● Material provided:

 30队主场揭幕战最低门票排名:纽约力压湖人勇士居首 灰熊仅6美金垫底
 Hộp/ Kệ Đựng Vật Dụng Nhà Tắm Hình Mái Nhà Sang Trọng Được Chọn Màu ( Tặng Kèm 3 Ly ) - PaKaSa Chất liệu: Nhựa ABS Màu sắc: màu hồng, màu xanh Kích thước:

---

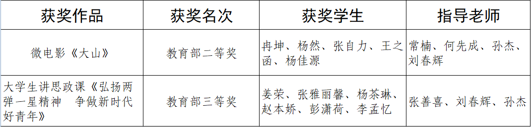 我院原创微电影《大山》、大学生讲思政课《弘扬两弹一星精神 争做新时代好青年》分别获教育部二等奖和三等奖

* * *

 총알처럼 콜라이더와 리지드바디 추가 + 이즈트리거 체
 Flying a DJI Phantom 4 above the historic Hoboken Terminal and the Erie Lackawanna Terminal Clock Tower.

● Problem to work on: Each line in the entries above, starting at the line with "30队主场揭幕战最低门票排名:纽约力压湖人勇士居首 灰熊仅6美金垫底" and ending at the line with "Hộp/ Kệ Đựng", is to be printed exactly, and only those lines.

● Answer box:
 30队主场揭幕战最低门票排名:纽约力压湖人勇士居首 灰熊仅6美金垫底
 Hộp/ Kệ Đựng Vật Dụng Nhà Tắm Hình Mái Nhà Sang Trọng Được Chọn Màu ( Tặng Kèm 3 Ly ) - PaKaSa Chất liệu: Nhựa ABS Màu sắc: màu hồng, màu xanh Kích thước:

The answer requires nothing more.